Open kitchens are modern marvels, featuring top of the line appliances from Sub-Zero, an oven from Miele, a Wolf gas range that vents to the outdoors. The wine storage freezer and Dornbracht pot filler take life to the next level and the Calacatta Gold marble throughout complete the package.
Large bedrooms provide a respite from the busy world outside. Multi-paned double-hung windows keep out the noise but let in the lights when you want. Multi-zone heating and cooling systems keep you comfortable no matter what you need at the end of a hectic day.
Luxurious bathrooms are lined with marble floors and Lagos Blue limestone. Double vanities and top-of-the-line fixtures take the master bath experience to the next level. Some masters even come with radiant heat flooring for the ultimate in comfort and coziness.

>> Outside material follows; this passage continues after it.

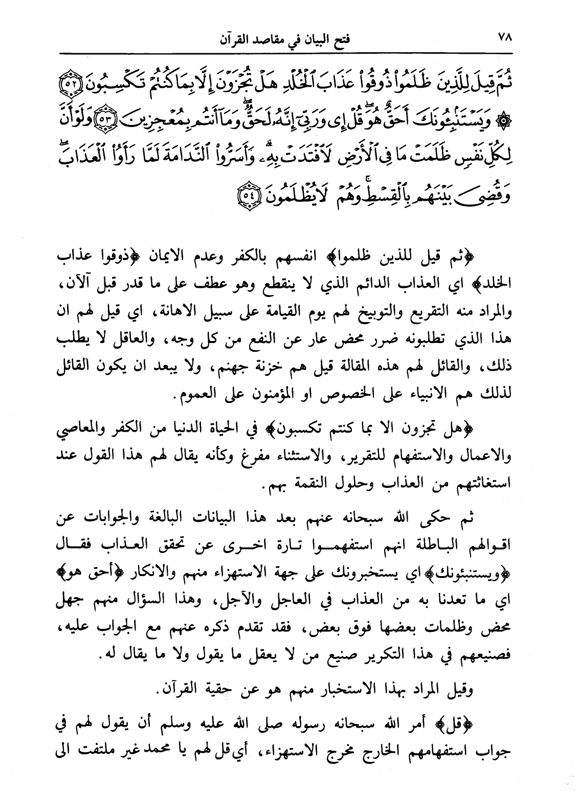 ثُمَّ قِيلَ لِلَّذِينَ ظَلَمُوا ذُوقُوا عَذَابَ الْخُلْدِ هَلْ تُجْزَوْنَ إِلَّا بِمَا كُنْتُمْ تَكْسِبُونَ (52) وَيَسْتَنْبِئُونَكَ أَحَقٌّ هُوَ قُلْ إِي وَرَبِّي إِنَّهُ لَحَقٌّ وَمَا أَنْتُمْ بِمُعْجِزِينَ (53) وَلَوْ أَنَّ لِكُلِّ نَفْسٍ ظَلَمَتْ مَا فِي الْأَرْضِ لَافْتَدَتْ بِهِ وَأَسَرُّوا النَّدَامَةَ لَمَّا رَأَوُا الْعَذَابَ وَقُضِيَ بَيْنَهُمْ بِالْقِسْطِ وَهُمْ لَا يُظْلَمُونَ (54)

If you want to really take things up a level, figuratively and literally, the 14,500-square-foot penthouse residence does just that. The 96-feet by 33-feet living room area is bigger than a basketball court and actually the largest living room in New York City. Spanning both the 32nd and 33rd floors, this impressive living space boasts 21-foot industrial-style windows, a 630-bottle wine room, space for up to seven bedrooms, and the largest continuous art wall in any private home in the city. No wonder it listed for $59 million in May of 2018.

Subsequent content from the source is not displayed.